On October 15 1984, I began my working relationship with the National Health Service. I could not have imagined how fulfilling, frustrating, exciting or distressing this would be over the years. As we approach the Big 7-0, many NHS staff are reflecting on their careers, thinking about how much has changed, and the country is rightly getting ready to give thanks for how much has been achieved since the NHS was born.
I knew from an early age that I wanted to work in a hospital, just not quite what job I wanted to do. After an unsuccessful interview to become a phlebotomist (someone who takes blood – failed the question ‘how are you with needles?’) I was offered a place on a diagnostic radiography course. In those days, many training courses for NHS staff were run in local hospitals, and this one was no different. The Hereford and Worcester School of Radiography was in an old prefab in the grounds of Worcester Royal Hospital, and I undertook my practical training in hospitals in my home town of Bromsgrove. Two and a half years later, I received my Diploma from the College of Radiographers and tried to find my first job – not as easy as it is now. We were over staffed in the NHS at this time, so I had to wait for someone to leave before there was a job to apply for.
So, what was radiography like then?
We had no CT or MRI scanner at my hospital, in fact, we had been told not to worry learning about ‘nuclear magnetic resonance,’ as MRI was called then, as there was only one machine and that was in America! Thirty years later, most hospitals have MRI, they even have mobile scanners in the back of lorries. Scans form an everyday part of diagnosis and management of disease and trauma and patients can be scanned from head to toe in minutes, meaning treatment can be more accurate and effective. Lives can be saved.
What about other technology?
The digital revolution did not bypass radiography. Just as photography has been revolutionised by digital photography, so has radiography. Yes, I am old enough to remember wet developing films (just) and the anxious wait for films to emerge from the processor to see if they were good enough. Images can be instantaneous now and, although images might not be adequate if the patient is not in the right position, worries about getting the perfect exposure factors have been removed.

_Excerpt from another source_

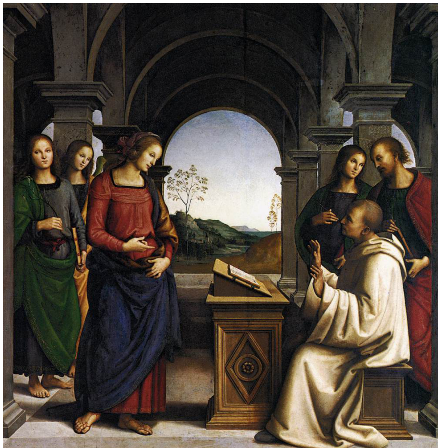
Fig. 4: Pietro Perugino, La Vergine appare a San Bernardo di Chiaravalle , 1488 -'89 – Monaco di Baviera, Alte Pinakothek

As soon as I qualified, I knew that I wanted to take up a career in teaching in the future. In order to do this, I needed to achieve more qualifications, so before long, I was studying again. But the early 1990s saw a revolution in the training of NHS staff and, in order to qualify as a radiographer, you would need a university degree and not a hospital diploma. While there was much anxiety about making the training ‘too academic and less practical’ at the time, there is no doubt that this move heralded a shift in many professions and now university training is the norm. For me, that meant I also needed to get a degree if I ever wanted to teach so two years of work and study followed.
For my degree dissertation, I decided to study a controversial area – could radiographers comment on images and decide if there was an injury or not? Controversial because this role was undertaken by specially qualified doctors – radiologists – and not radiographers. Well, it turned out that they could, and actually there were many advantages to asking radiographers to identify if they thought there might be an abnormality on an image. Now it is common to see radiographers reporting on images, in fact, the NHS would not be able to function without their contribution. It’s still controversial in some areas, but now some patients not only have instant images, they have instant results and we have a growing number of consultant radiographers in the UK.
While my qualification was in diagnostic radiography, before long more ‘treatment’ was being undertaken in x-ray departments. One of the main areas for treatment was blood vessels. It is possible to do x-rays of blood vessels by introducing contrast into the bloodstream which highlights any blockages. Nowadays, it is also possible to pass a small balloon or even a stent which will open up blockages and restore blood flow. So, for patients with blocked arteries around the heart, the treatment would involve open heart surgery in the past, and while this is still performed in some cases, many patients will have angioplasty under x-ray control. Not without its risks, but much less invasive than major surgery and much quicker. Patients having strokes can also be treated in a similar way, and so not only do more people survive such events, their quality of life is much better too.
The NHS today
And here is where the NHS is a victim of its own success; people are living longer and have high expectations of the NHS and its services. All these services cost money, and high tech services costs lots of money. More patients means more staff, and these are also highly expensive. While I am proud to have worked within and alongside the NHS all these years, I am also concerned about its future. If Nye Bevan was creating the NHS now, I am not sure that it would look like it does nowadays. We are seeing a move towards ‘integrated ‘ care where health and social care work in tandem, recognising that many of our ‘health‘ needs are actually social care. But the funding mechanisms are different and so the system is disjointed. Perhaps he would recognise some things. NHS staff are dedicated to their patients, they strive to deliver the best care they can in a changing system. Just like me, they will laugh and cry with their patients and achieve an enormous sense of satisfaction for ‘just doing their job.’
So, happy 70th birthday NHS. I am confident you will be here long after I have gone and that you will be there for me and my family when I need you most. You’ve changed as you have matured, but even though there are some wrinkles around your eyes, you are still beautiful.